▸ EXERCISE GOAL
In the data below, locate the line containing "Вход в дом предваряет" and the line containing "Символы времени –", then retype both and everything between them exactly. Pictures are not part of the copy.

▸ SOURCE MATERIAL
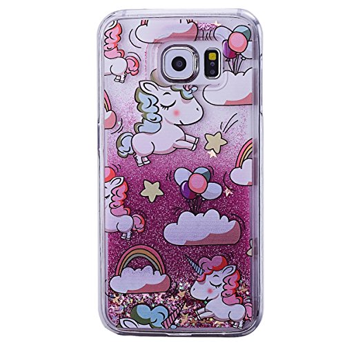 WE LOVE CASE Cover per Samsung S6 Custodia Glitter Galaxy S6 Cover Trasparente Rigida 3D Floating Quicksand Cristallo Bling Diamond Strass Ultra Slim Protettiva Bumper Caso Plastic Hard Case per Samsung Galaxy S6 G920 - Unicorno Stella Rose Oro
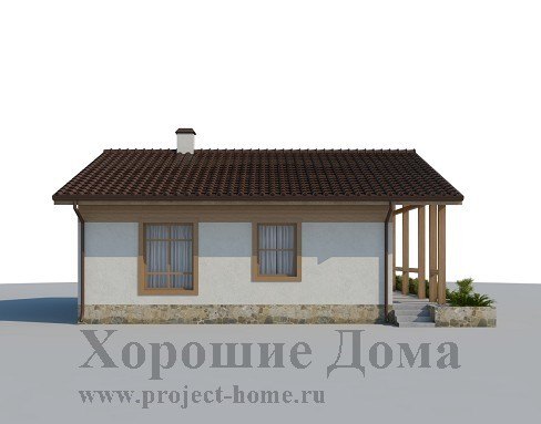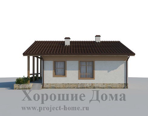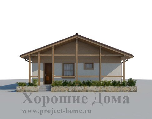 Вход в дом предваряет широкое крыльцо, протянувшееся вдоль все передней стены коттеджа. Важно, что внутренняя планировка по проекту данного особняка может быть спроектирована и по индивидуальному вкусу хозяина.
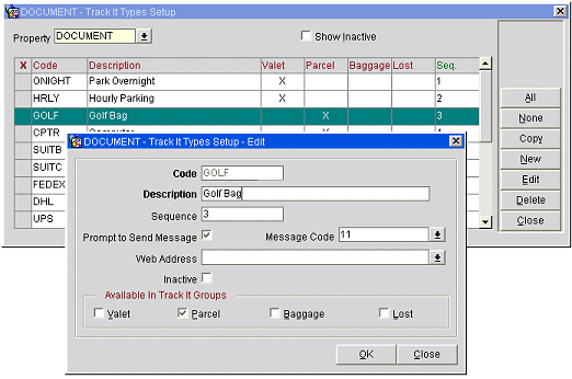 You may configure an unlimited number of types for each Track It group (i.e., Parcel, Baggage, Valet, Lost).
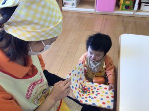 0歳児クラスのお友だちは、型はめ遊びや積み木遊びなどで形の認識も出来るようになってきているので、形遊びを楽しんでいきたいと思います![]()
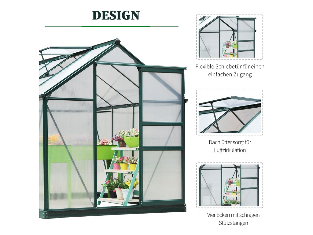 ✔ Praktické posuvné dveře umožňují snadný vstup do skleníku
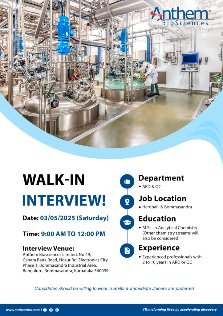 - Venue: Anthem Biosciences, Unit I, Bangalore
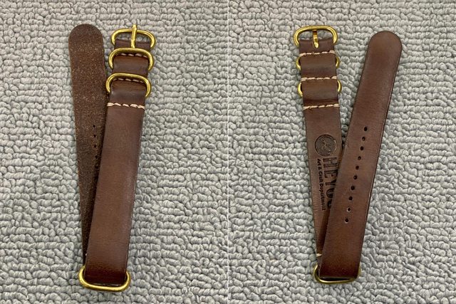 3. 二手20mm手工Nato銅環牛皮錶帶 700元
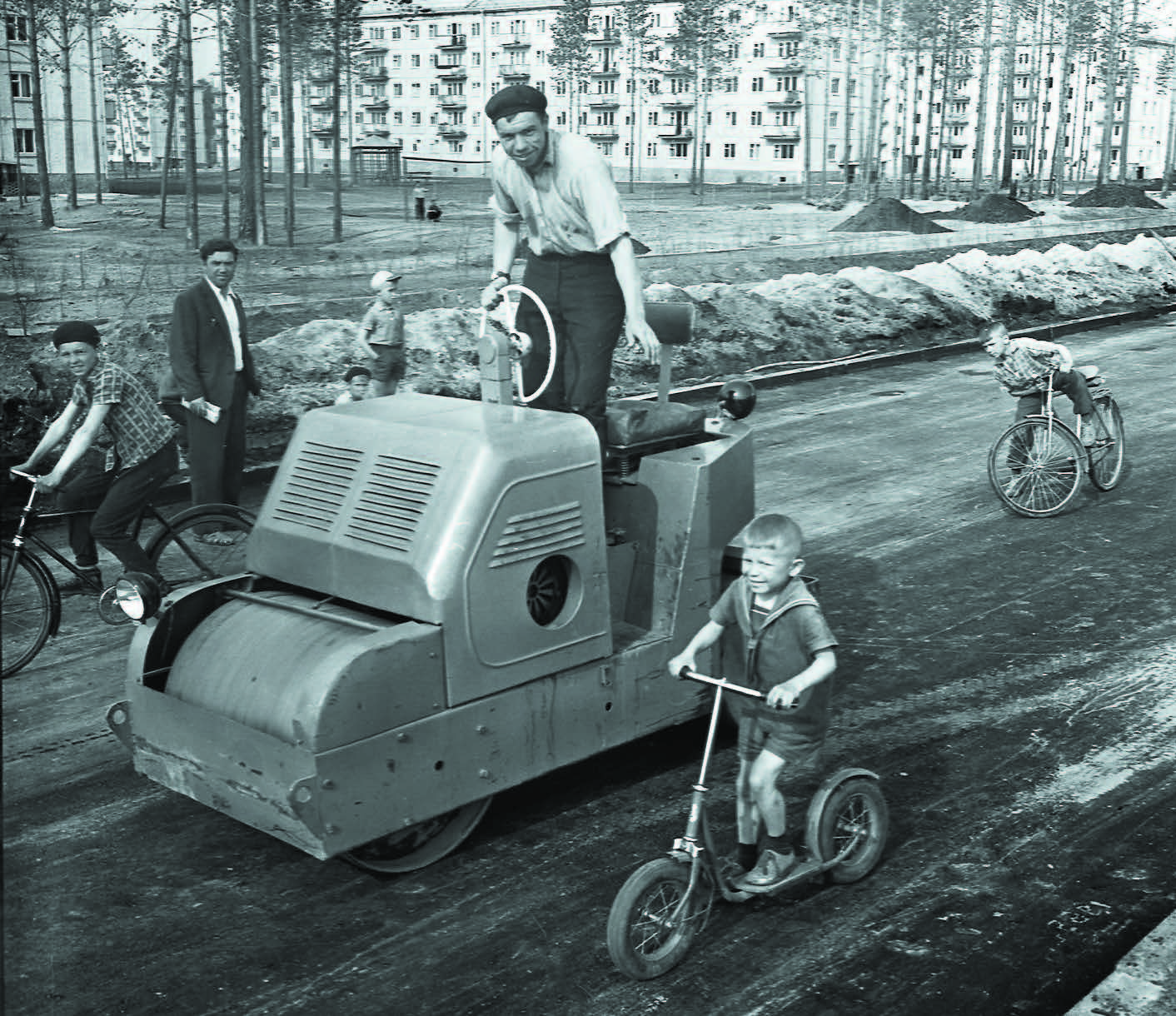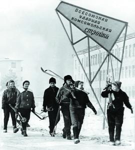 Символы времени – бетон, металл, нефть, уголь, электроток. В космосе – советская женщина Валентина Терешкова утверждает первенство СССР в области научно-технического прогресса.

==

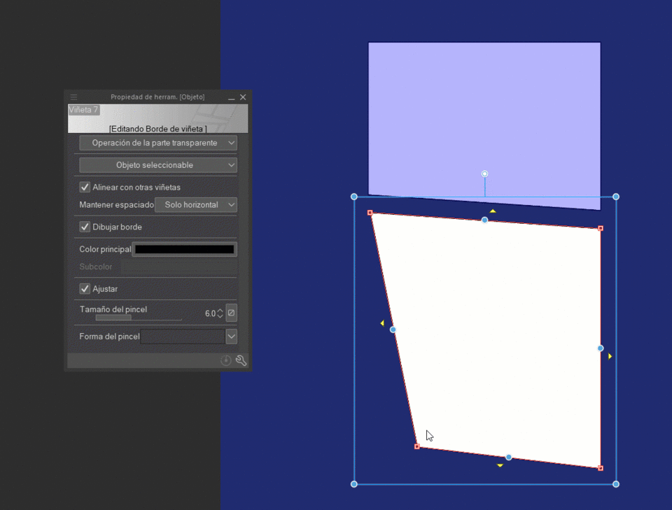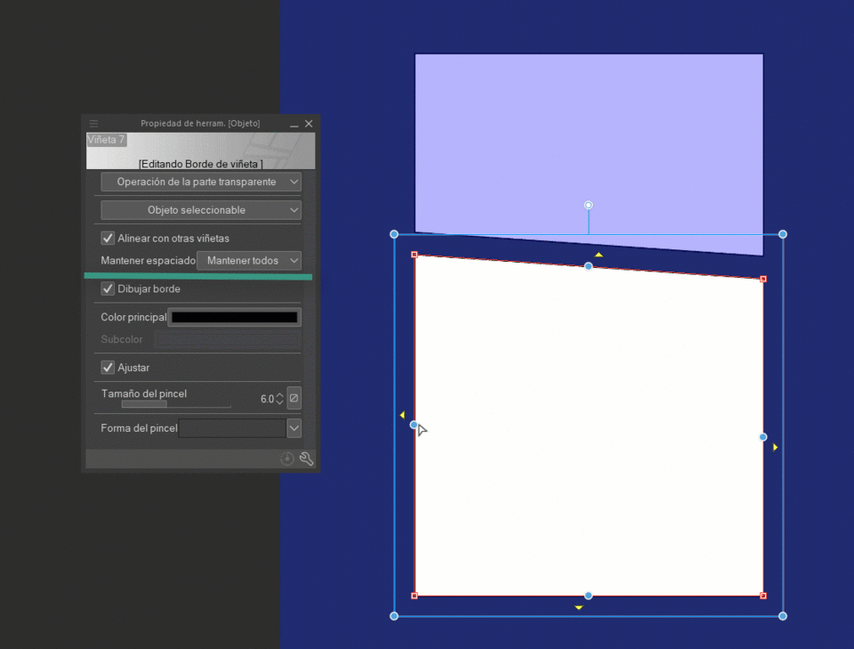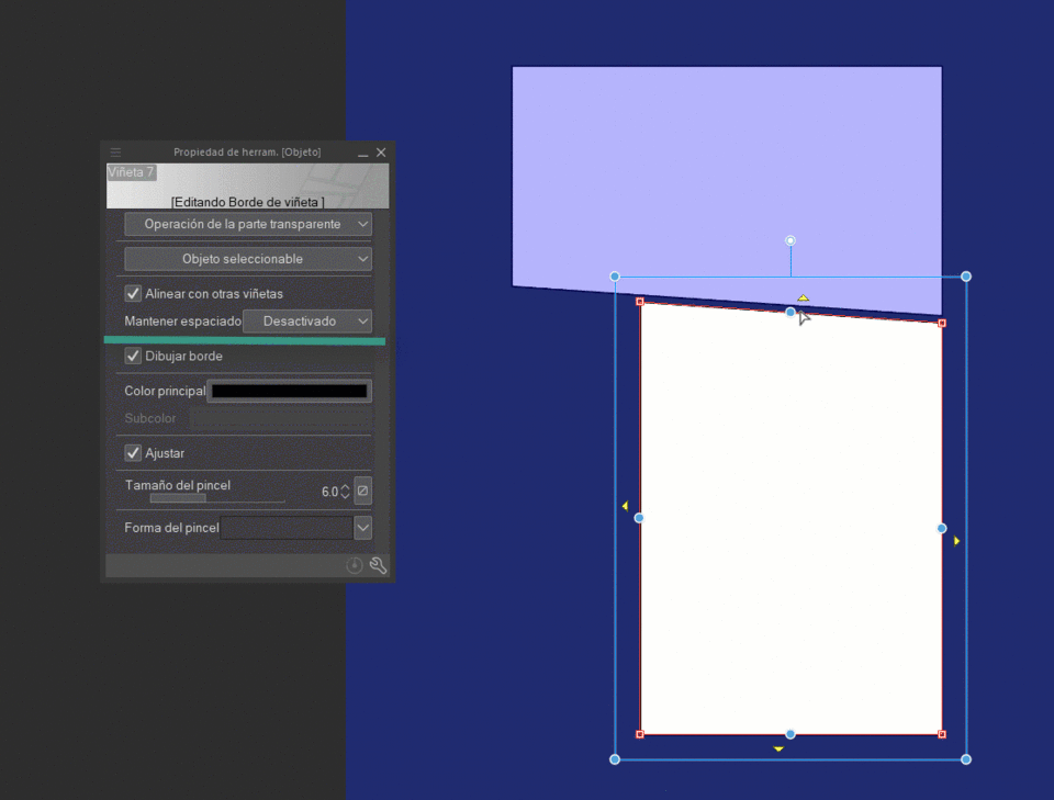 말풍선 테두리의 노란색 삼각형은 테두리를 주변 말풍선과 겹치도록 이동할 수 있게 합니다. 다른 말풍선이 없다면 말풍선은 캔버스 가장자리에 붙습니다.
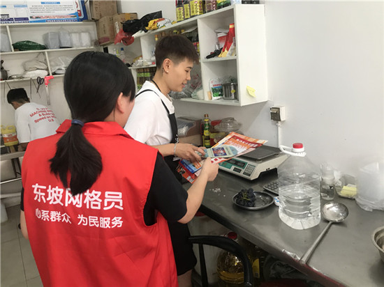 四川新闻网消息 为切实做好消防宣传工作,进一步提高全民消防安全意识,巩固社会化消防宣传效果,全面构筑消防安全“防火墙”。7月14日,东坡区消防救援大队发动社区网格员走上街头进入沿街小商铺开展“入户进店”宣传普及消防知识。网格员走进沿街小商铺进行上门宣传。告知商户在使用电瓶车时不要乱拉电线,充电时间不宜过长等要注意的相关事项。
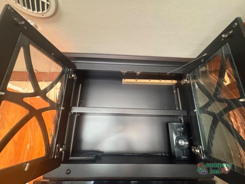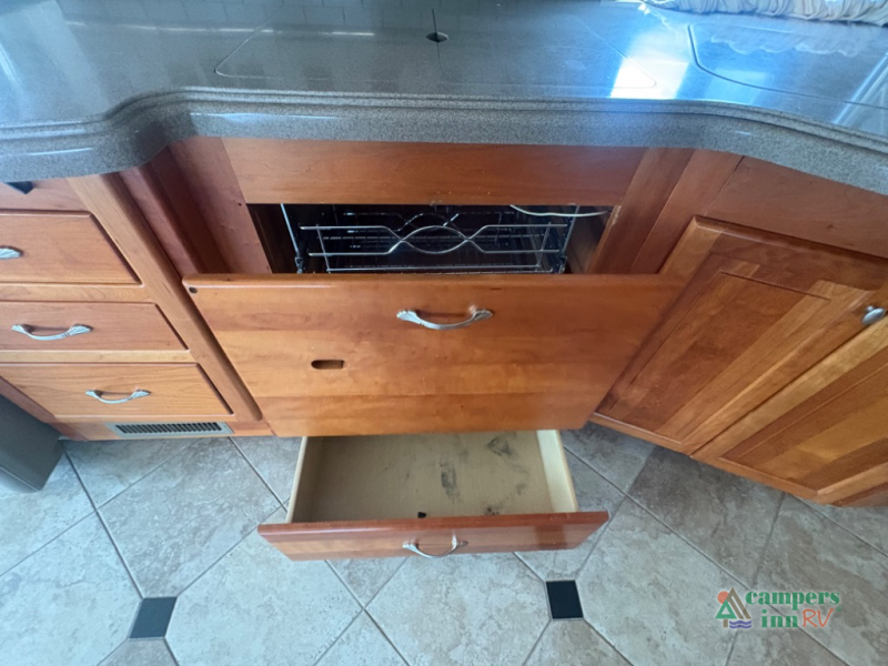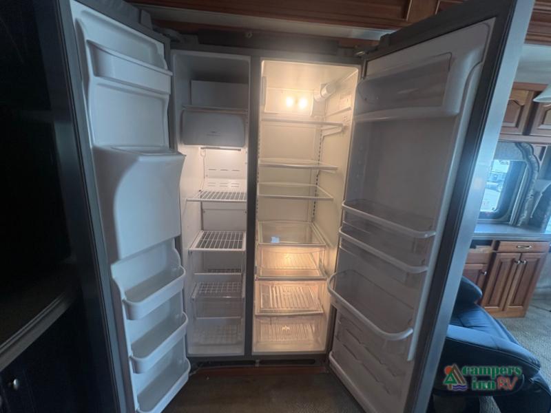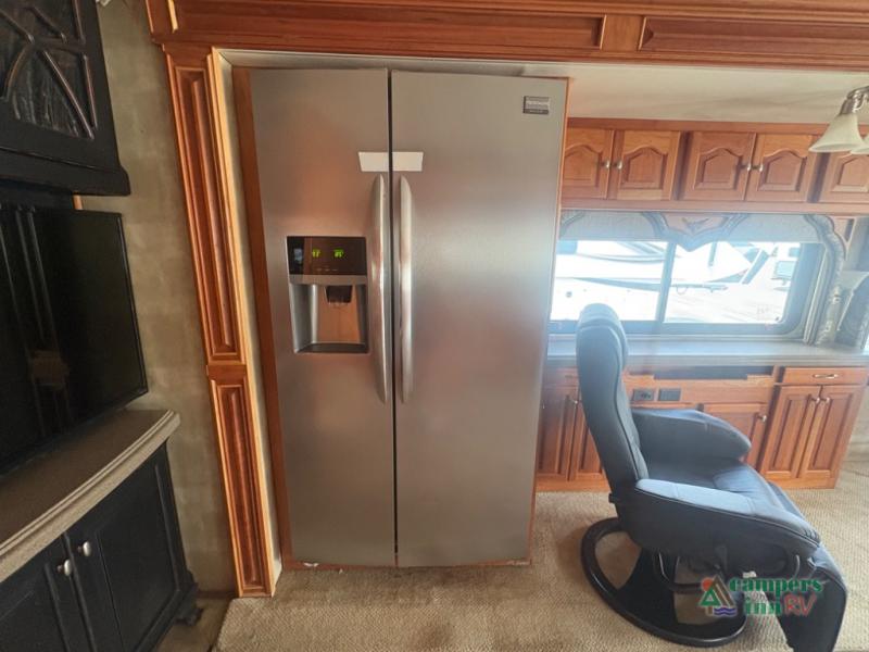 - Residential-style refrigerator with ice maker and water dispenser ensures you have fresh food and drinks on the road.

--

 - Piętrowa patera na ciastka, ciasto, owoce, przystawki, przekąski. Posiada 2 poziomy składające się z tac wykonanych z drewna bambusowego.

▸ THE ANSWER
 Вход в дом предваряет широкое крыльцо, протянувшееся вдоль все передней стены коттеджа. Важно, что внутренняя планировка по проекту данного особняка может быть спроектирована и по индивидуальному вкусу хозяина.
 You may configure an unlimited number of types for each Track It group (i.e., Parcel, Baggage, Valet, Lost).
 0歳児クラスのお友だちは、型はめ遊びや積み木遊びなどで形の認識も出来るようになってきているので、形遊びを楽しんでいきたいと思います![]()
 ✔ Praktické posuvné dveře umožňují snadný vstup do skleníku
 - Venue: Anthem Biosciences, Unit I, Bangalore
 3. 二手20mm手工Nato銅環牛皮錶帶 700元
 Символы времени – бетон, металл, нефть, уголь, электроток. В космосе – советская женщина Валентина Терешкова утверждает первенство СССР в области научно-технического прогресса.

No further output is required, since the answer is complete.